Based on this information, you can calculate which grid cell any point on the globe falls into:

$$\text{row} = \text{floor}\left(\frac{\text{Latitude} - y_0}{\text{CellSize}}\right),$$

$$\text{column} = \text{floor}\left(\frac{\text{Longitude} - x_0}{\text{CellSize}}\right)$$

where $x_0, y_0$ is lower-left corner point. If the center of the lower-left cell was given, $x_0 = x_\text{llcenter} - \frac{\text{CellSize}}{2}$, $y_0 = y_\text{llcenter} - \frac{\text{CellSize}}{2}$.

For CSV files, you will need to keep track of this data yourself. ASC files have it at the top of the file, BIL files have a corresponding HDR file with the data, and GeoTIFF files have it embedded in the file which you can read with various software tools.

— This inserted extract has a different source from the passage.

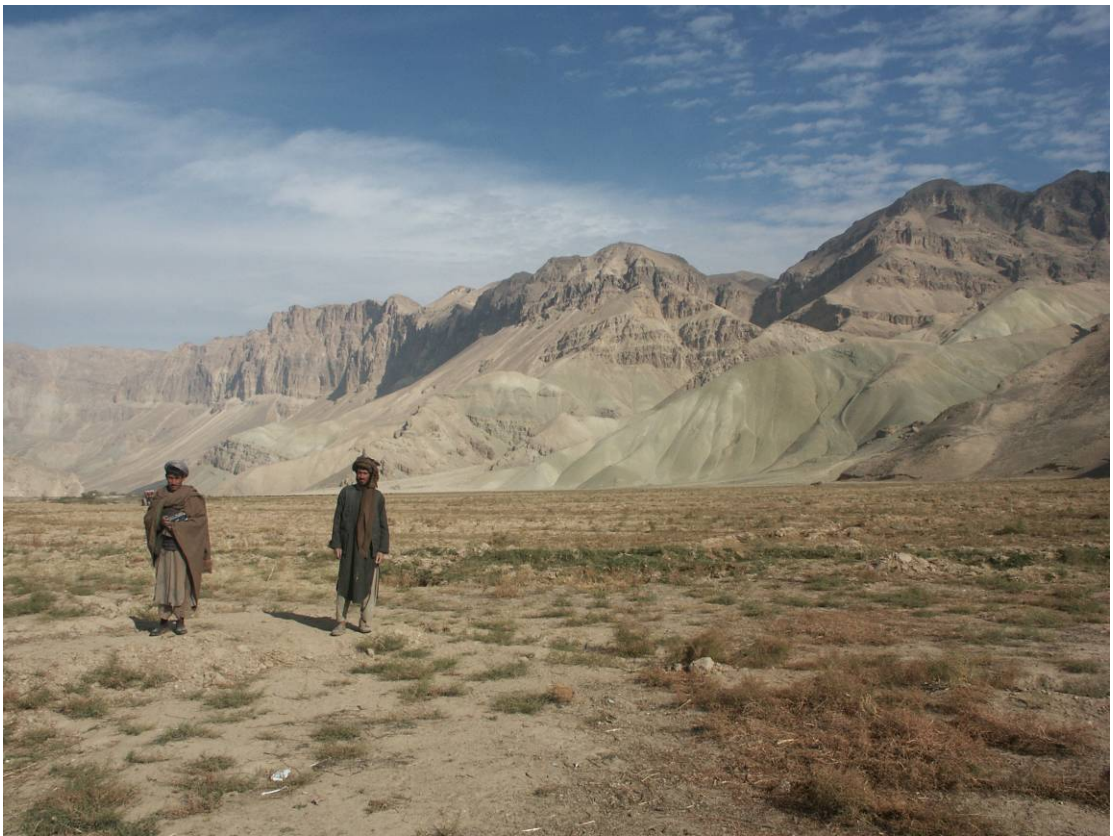
Samangan in summer

In normal years, the majority of the people in the province are engaged in cereal agriculture, especially wheat, rice and maize, and animal husbandry. Herbal products, for example caray and asfitida, are grown for export. Potatoes, vegetables, melons, cotton, oil seeds, sesame and strawberries are also grown. Mechanisation is at a very low level (RRERS, b, 2006). Drought resistant species such as almonds, apricots, pomegranates and pistachios are cultivated. In the past, the export of high quality almonds and pistachios was an important source of income for the province. Excellent almonds and pistachios are now cultivated with support from Afghanaid, but marketing is a problem. The almonds are bought at low cost by Pakistani traders who, in turn, sell them in Pakistan and India with a good profit.<sup>50</sup>

  1. Projections are a way to map points on the globe (in latitude-longitude space) to a point in a flat x, y space. While this is important for visualizing maps, it can just be a nuisance for gridded datasets. The most common “projection” for gridded datasets is an equirectangular projection, and we have been assuming this above. This is variously referred to as 1, ll, WGS 84, and EPSG: 4326 (techically, WGS 84 species how latitude and longitude are defined, and EPSG:4326 specifies a drawing scheme where x = longitude and y = latitude). However, you will sometimes enounter grids in terms of km north and km east of a point, and then you may need to project these back to latitude-longitude and regrid them.
  2. All of these allow missing data to be handled. Typically, a specific numerical representation, like -9999, will be used. This is specified the same way that the gridding scheme is.

Implementation Notes: Reading gridded data.

R Python
Use the raster library. Take a look at https://github.com/jrising/research-common/tree/master/python/geogrid.

If you are using R, take a look at the Introduction to Geospatial Raster and Vector Data with R, which has some extensive examples of working with geospatial raster data.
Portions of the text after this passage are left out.